- Work instructions -
Among the entries below, only the lines from the one with "Nuestra tienda le" through the one with "This is a 1985" are to be retyped, exactly and without pictures.
───── Data shown ─────
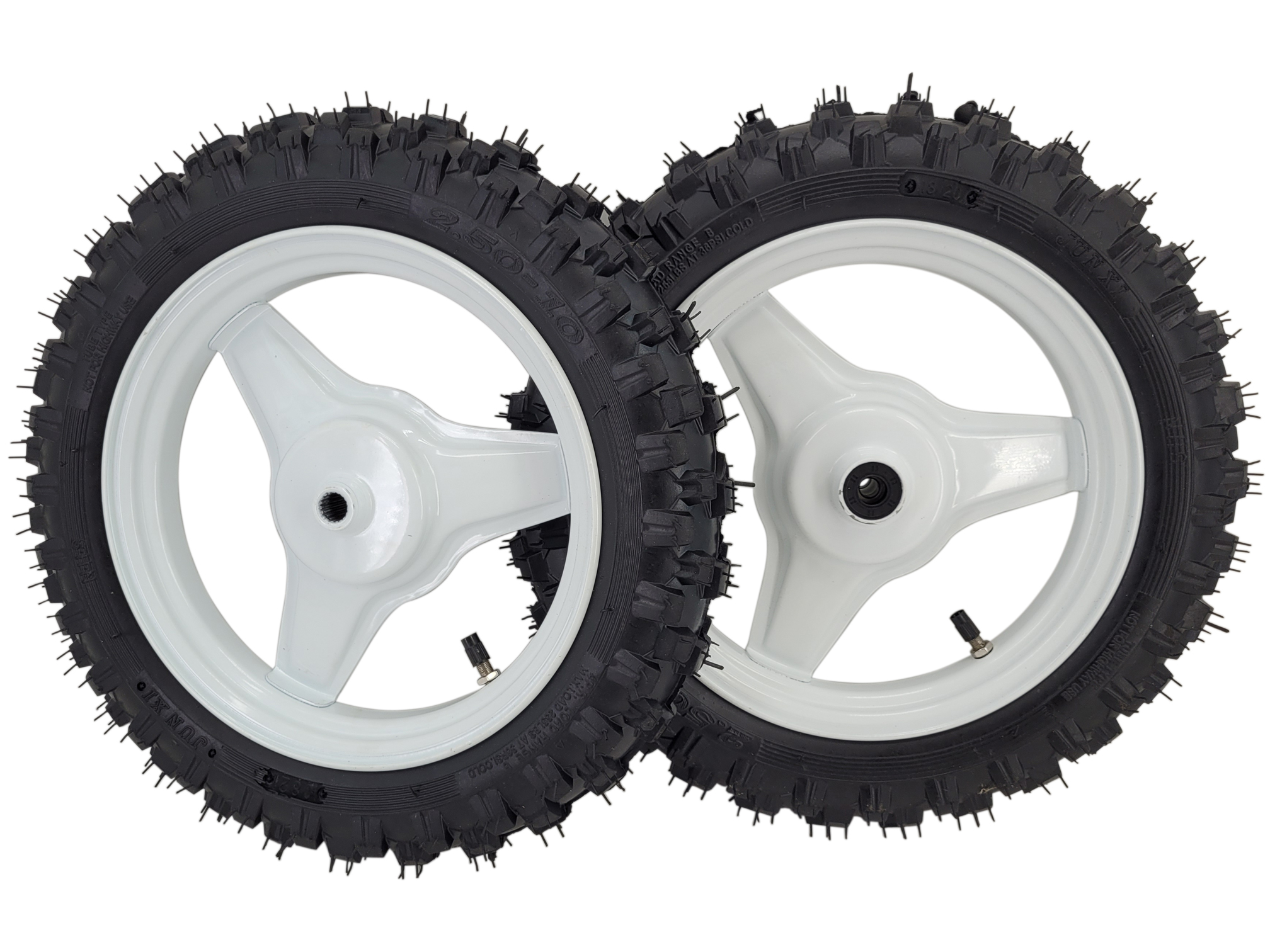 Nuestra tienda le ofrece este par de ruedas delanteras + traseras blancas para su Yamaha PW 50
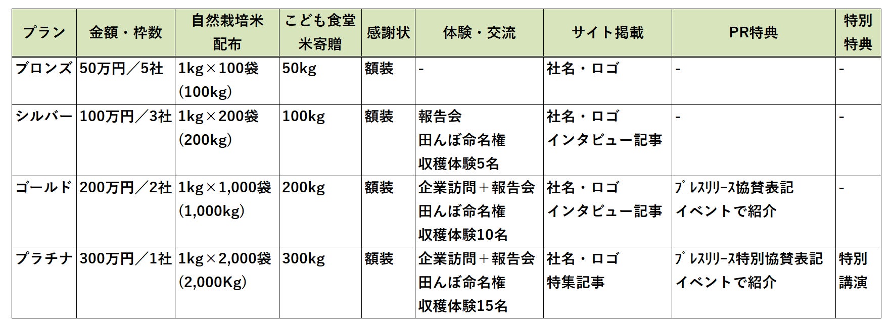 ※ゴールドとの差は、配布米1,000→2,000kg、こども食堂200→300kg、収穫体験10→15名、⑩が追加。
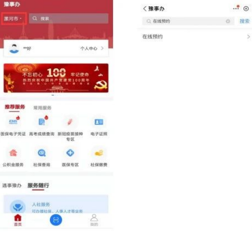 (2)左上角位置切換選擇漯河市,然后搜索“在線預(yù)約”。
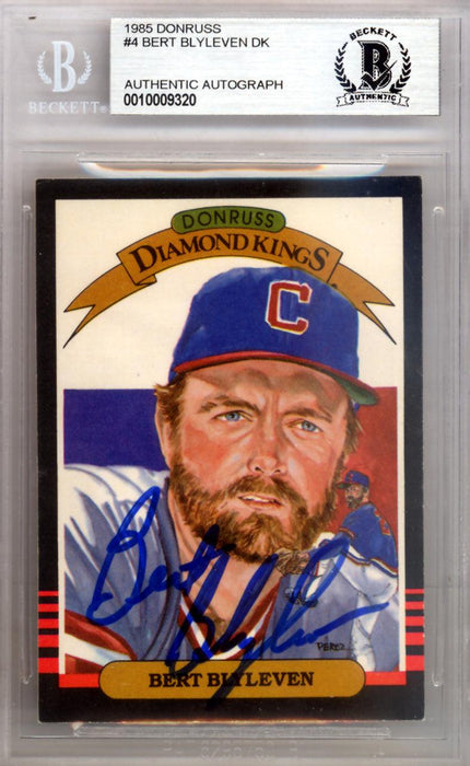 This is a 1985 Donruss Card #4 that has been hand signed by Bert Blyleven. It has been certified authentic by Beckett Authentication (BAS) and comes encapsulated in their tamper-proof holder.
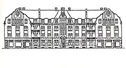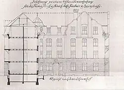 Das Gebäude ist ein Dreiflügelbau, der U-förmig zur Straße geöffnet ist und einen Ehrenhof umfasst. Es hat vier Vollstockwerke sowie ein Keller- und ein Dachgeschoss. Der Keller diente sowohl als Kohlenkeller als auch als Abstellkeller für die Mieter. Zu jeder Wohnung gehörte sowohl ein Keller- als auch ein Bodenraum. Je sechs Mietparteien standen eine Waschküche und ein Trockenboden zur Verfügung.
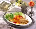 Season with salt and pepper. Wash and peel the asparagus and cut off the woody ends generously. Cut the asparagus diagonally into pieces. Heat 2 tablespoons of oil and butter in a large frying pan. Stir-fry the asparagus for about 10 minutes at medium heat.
─────
───── Data shown ─────
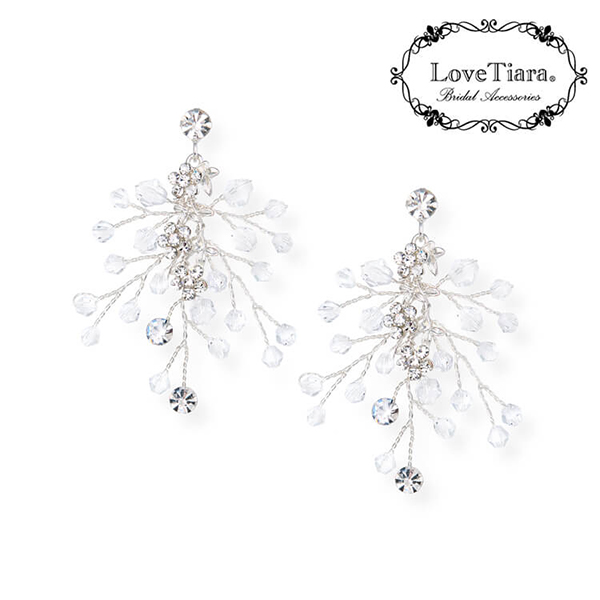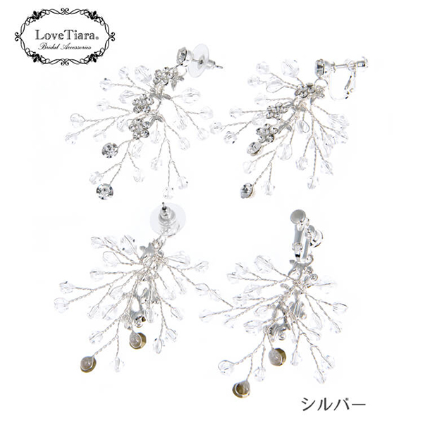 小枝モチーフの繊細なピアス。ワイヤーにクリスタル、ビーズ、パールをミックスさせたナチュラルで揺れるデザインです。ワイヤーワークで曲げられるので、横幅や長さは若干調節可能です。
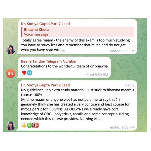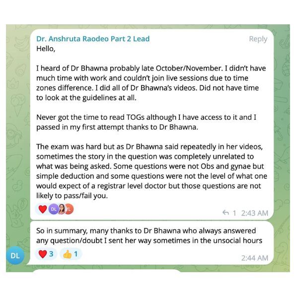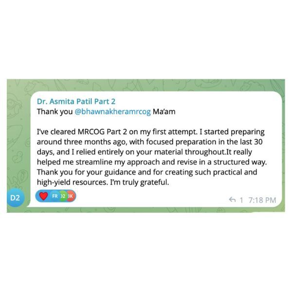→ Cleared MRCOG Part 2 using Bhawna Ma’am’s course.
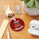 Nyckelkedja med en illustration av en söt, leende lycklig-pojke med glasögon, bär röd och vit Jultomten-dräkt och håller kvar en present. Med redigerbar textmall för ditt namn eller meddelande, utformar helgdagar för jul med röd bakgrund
─────
───── Data shown ─────
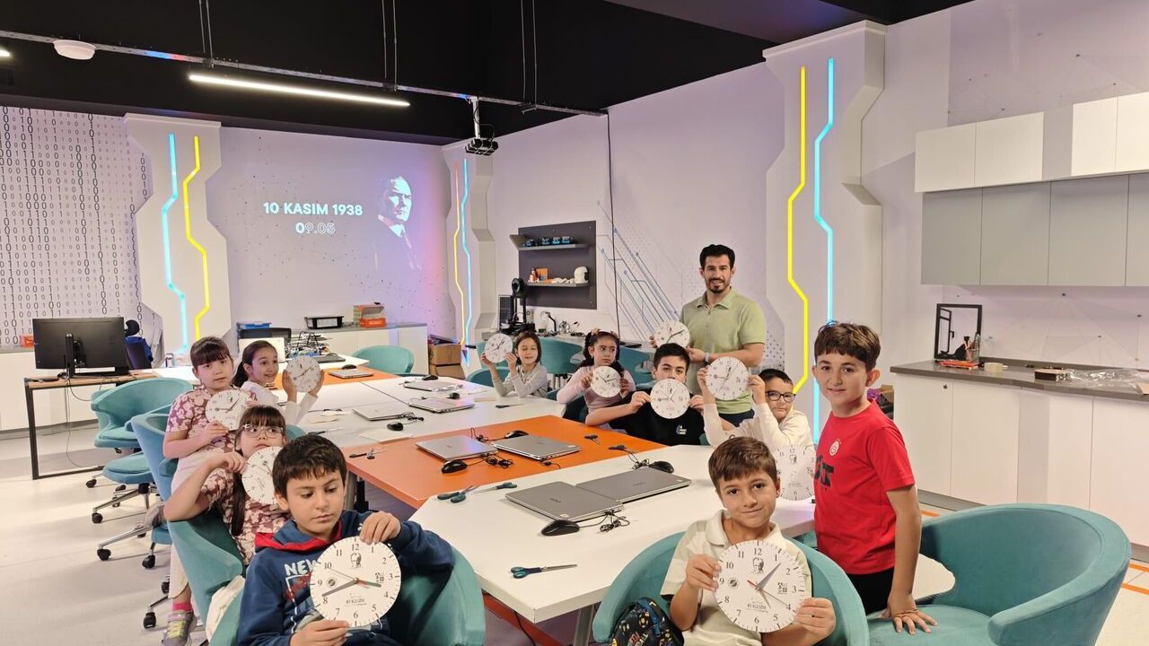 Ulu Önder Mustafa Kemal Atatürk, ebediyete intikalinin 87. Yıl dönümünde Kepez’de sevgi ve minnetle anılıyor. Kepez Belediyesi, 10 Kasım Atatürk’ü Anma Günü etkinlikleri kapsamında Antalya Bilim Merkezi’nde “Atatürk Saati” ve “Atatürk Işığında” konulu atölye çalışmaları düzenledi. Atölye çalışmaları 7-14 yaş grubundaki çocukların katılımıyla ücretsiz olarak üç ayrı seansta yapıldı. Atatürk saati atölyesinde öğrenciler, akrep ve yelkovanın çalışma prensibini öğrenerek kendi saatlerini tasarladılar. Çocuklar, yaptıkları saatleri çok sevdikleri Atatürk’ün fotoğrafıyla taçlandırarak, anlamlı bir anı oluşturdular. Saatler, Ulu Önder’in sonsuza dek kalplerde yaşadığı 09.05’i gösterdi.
─────
- Answer box -
 Nuestra tienda le ofrece este par de ruedas delanteras + traseras blancas para su Yamaha PW 50
 ※ゴールドとの差は、配布米1,000→2,000kg、こども食堂200→300kg、収穫体験10→15名、⑩が追加。
 (2)左上角位置切換選擇漯河市,然后搜索“在線預(yù)約”。
 This is a 1985 Donruss Card #4 that has been hand signed by Bert Blyleven. It has been certified authentic by Beckett Authentication (BAS) and comes encapsulated in their tamper-proof holder.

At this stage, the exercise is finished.